Start of Material supplied
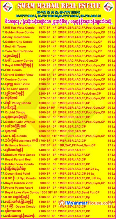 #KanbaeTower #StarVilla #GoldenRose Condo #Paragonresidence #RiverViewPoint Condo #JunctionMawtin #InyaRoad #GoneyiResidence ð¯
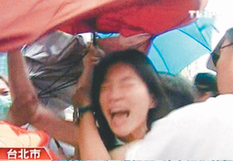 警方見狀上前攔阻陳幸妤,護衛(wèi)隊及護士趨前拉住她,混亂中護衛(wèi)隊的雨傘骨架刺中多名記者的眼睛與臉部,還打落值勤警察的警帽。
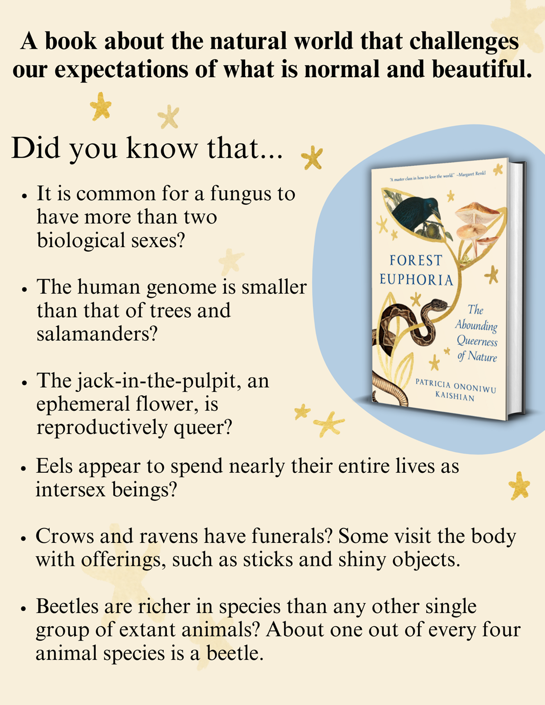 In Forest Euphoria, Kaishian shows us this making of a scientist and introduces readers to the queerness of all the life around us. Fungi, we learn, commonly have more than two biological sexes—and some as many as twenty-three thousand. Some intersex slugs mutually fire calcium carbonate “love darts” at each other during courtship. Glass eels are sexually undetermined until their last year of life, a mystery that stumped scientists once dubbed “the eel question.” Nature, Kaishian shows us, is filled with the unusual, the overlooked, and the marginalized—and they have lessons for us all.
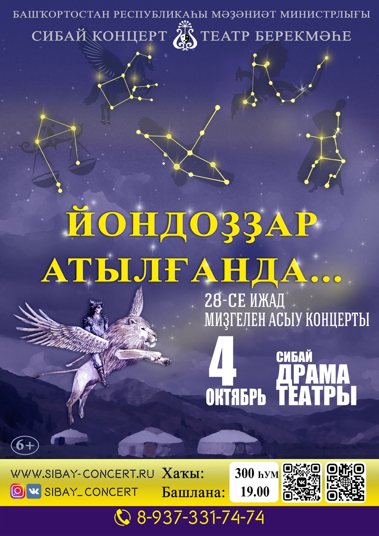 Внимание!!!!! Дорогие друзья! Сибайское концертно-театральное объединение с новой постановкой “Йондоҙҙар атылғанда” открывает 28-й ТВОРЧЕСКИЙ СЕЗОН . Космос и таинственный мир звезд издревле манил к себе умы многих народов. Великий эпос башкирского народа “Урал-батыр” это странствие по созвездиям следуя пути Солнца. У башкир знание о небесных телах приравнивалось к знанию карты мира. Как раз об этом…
End of Material supplied
Start of Material supplied
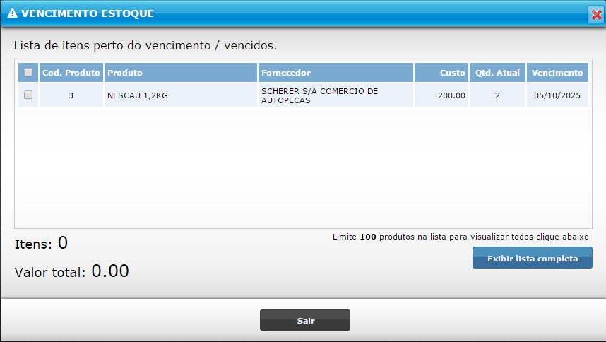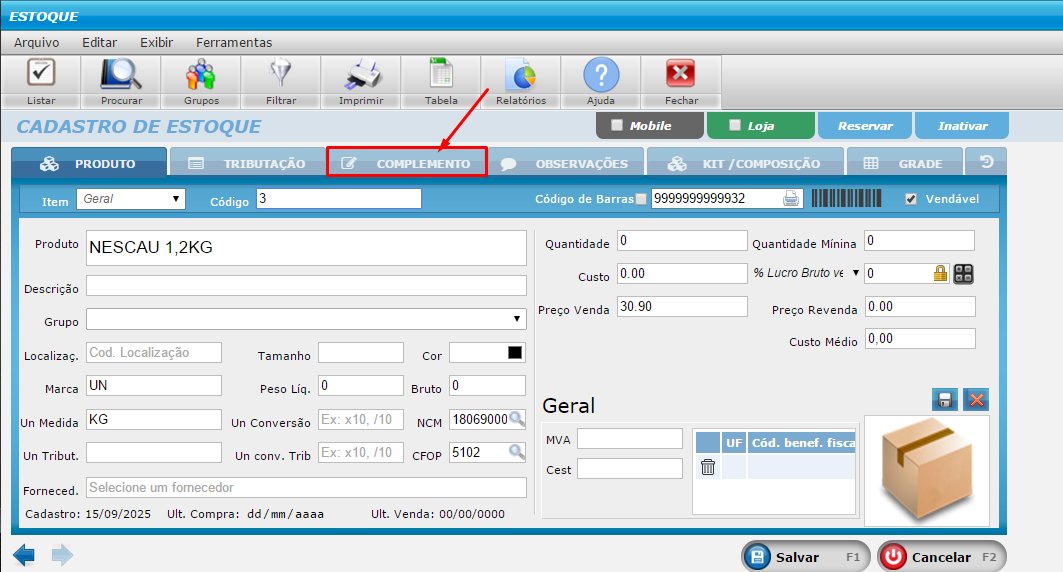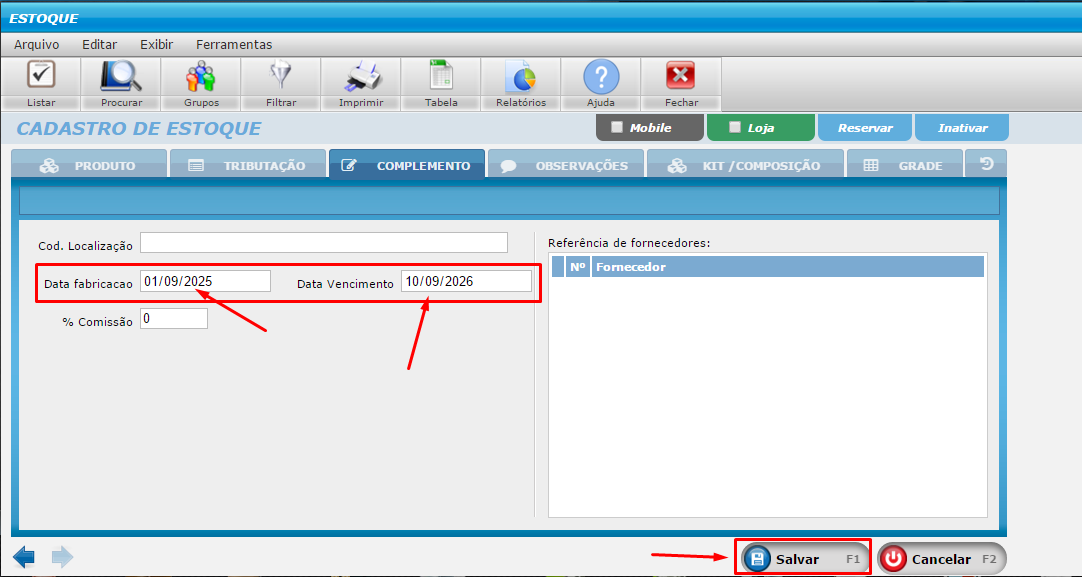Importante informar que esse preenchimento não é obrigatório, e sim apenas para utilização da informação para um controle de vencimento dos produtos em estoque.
End of Material supplied
Start of Material supplied
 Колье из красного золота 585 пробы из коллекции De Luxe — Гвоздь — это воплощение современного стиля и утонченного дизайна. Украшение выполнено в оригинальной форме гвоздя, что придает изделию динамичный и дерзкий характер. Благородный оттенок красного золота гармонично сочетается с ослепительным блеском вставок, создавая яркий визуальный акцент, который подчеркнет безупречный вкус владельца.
End of Material supplied
### Exercise description
In the data above, find the line containing "警方見狀上前攔阻陳幸妤,護衛" and the line containing "Внимание!!!!! Дорогие друзья!". Repeat those two lines and everything between them exactly, minus the pictures.

### Expected answer
 警方見狀上前攔阻陳幸妤,護衛(wèi)隊及護士趨前拉住她,混亂中護衛(wèi)隊的雨傘骨架刺中多名記者的眼睛與臉部,還打落值勤警察的警帽。
 In Forest Euphoria, Kaishian shows us this making of a scientist and introduces readers to the queerness of all the life around us. Fungi, we learn, commonly have more than two biological sexes—and some as many as twenty-three thousand. Some intersex slugs mutually fire calcium carbonate “love darts” at each other during courtship. Glass eels are sexually undetermined until their last year of life, a mystery that stumped scientists once dubbed “the eel question.” Nature, Kaishian shows us, is filled with the unusual, the overlooked, and the marginalized—and they have lessons for us all.
 Внимание!!!!! Дорогие друзья! Сибайское концертно-театральное объединение с новой постановкой “Йондоҙҙар атылғанда” открывает 28-й ТВОРЧЕСКИЙ СЕЗОН . Космос и таинственный мир звезд издревле манил к себе умы многих народов. Великий эпос башкирского народа “Урал-батыр” это странствие по созвездиям следуя пути Солнца. У башкир знание о небесных телах приравнивалось к знанию карты мира. Как раз об этом…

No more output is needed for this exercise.